Mental Model
Every code change passes through four testing layers. Each layer catches a different class of defect at a different cost and speed. Lower layers are deterministic and fast; upper layers are thorough and expensive. Together they form a complete testing strategy that addresses the specific failure modes of AI-generated code.

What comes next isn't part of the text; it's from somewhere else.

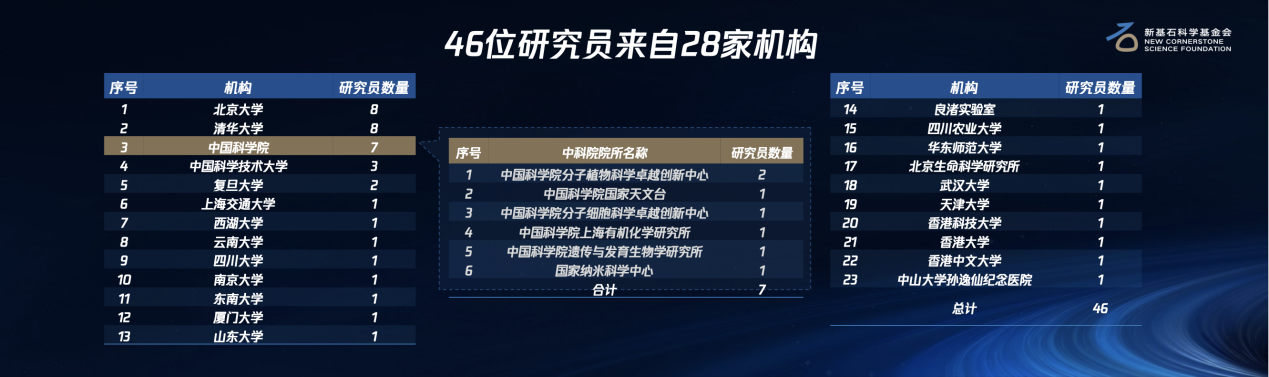 坚持“宁缺毋滥”的原则,第二期“新基石研究员”计划资助不超过50人,实际入选46名,其中数学与物质科学领域21位,生物与医学科学25位。46位研究员平均年龄47岁,远低于55岁的申报门槛,其中包括10位“80后”,最年轻的年仅38岁。他们来自13个城市的28家机构,从地域分布来看,天津、济南、武汉、广州等城市首次上榜;从机构来看,研究员的分布也更为广泛,良渚实验室等新型研究机构、四川农业大学、云南大学、香港科技大学等高校第一次有了“新基石研究员”。新一期研究员,印证着中国基础研究快速发展中蕴含的生机与活力。
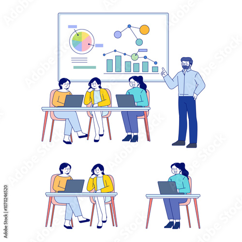 Izolovaná sada postav pacienta a zubaře. Muž drží zub rentgen, malý chlapec na vyšetření, ortodontista s zubními nástroji a výsledky vyšetření vektorové ilustrace

The key insight: no single testing technique catches all defect classes. Architecture tests catch structural violations. Property-based tests catch computation bugs. Mutation testing measures whether tests would actually catch a bug. Contract tests verify cross-service correctness. Each layer compensates for the blind spots of the others.
Layer Diagram
┌──────────────────────────────────────────────────────────┐
│ Code Change (PR / Commit) │
└──────────────┬───────────────────────────────────────────┘
│
▼
┌──────────────────────────────────────────────────────────┐
│ LAYER 0: Architecture Testing (<10s) │
│ ArchUnit rules. Deterministic. Zero AI dependency. │
│ Layer boundaries, banned APIs, naming conventions. │
└──────────────┬───────────────────────────────────────────┘
│
▼
┌──────────────────────────────────────────────────────────┐
│ LAYER 1: Property-Based Testing (~2s) │
│ jqwik properties. 1000+ generated inputs/property. │
│ Computation correctness. Breaks circular test problem. │
└──────────────┬───────────────────────────────────────────┘
│
▼
┌──────────────────────────────────────────────────────────┐
│ LAYER 2: Mutation Testing (~5 min) │
│ PIT + AI-augmented mutants. Mutation score as the │
│ true measure of test effectiveness. Kill the mutants. │
└──────────────┬───────────────────────────────────────────┘
│
▼
┌──────────────────────────────────────────────────────────┐
│ LAYER 3: Contract Testing (~10 min) │
│ Pact consumer-driven contracts. Cross-service API │
│ compatibility. No full integration env required. │
└──────────────┬───────────────────────────────────────────┘
│
▼
┌──────────────────────────────────────────────────────────┐
│ DASHBOARD: Quality Intelligence │
│ Mutation score trends, TORS, defect escape rate, │
│ flake rate, per-layer health. CI feedback loop. │
└──────────────────────────────────────────────────────────┘Layer Summary
| Layer | Type | Time | Defect Class | Purpose |
|---|---|---|---|---|
| L0 | Deterministic | <10s | Structural | Enforce architecture constraints: layer boundaries, banned APIs, naming, dependency rules |
| L1 | Generative | ~2s | Computation | Property-based testing with 1000+ inputs. Catch logic errors, rounding bugs, edge cases |
| L2 | Evaluative | ~5 min | Test quality | Mutation testing. Measure whether tests would actually catch a bug if one existed |
| L3 | Contractual | ~10 min | Integration | Consumer-driven contracts. Verify API compatibility across services without E2E environments |
Key Design Decisions
Why Layers
Each layer catches a fundamentally different class of defect. Architecture tests catch structural violations (controller calling repository directly). Property-based tests catch computation bugs (wrong rounding mode on VAT calculation). Mutation testing catches weak tests (tests that pass regardless of code correctness). Contract tests catch integration breaks (provider changed the API shape).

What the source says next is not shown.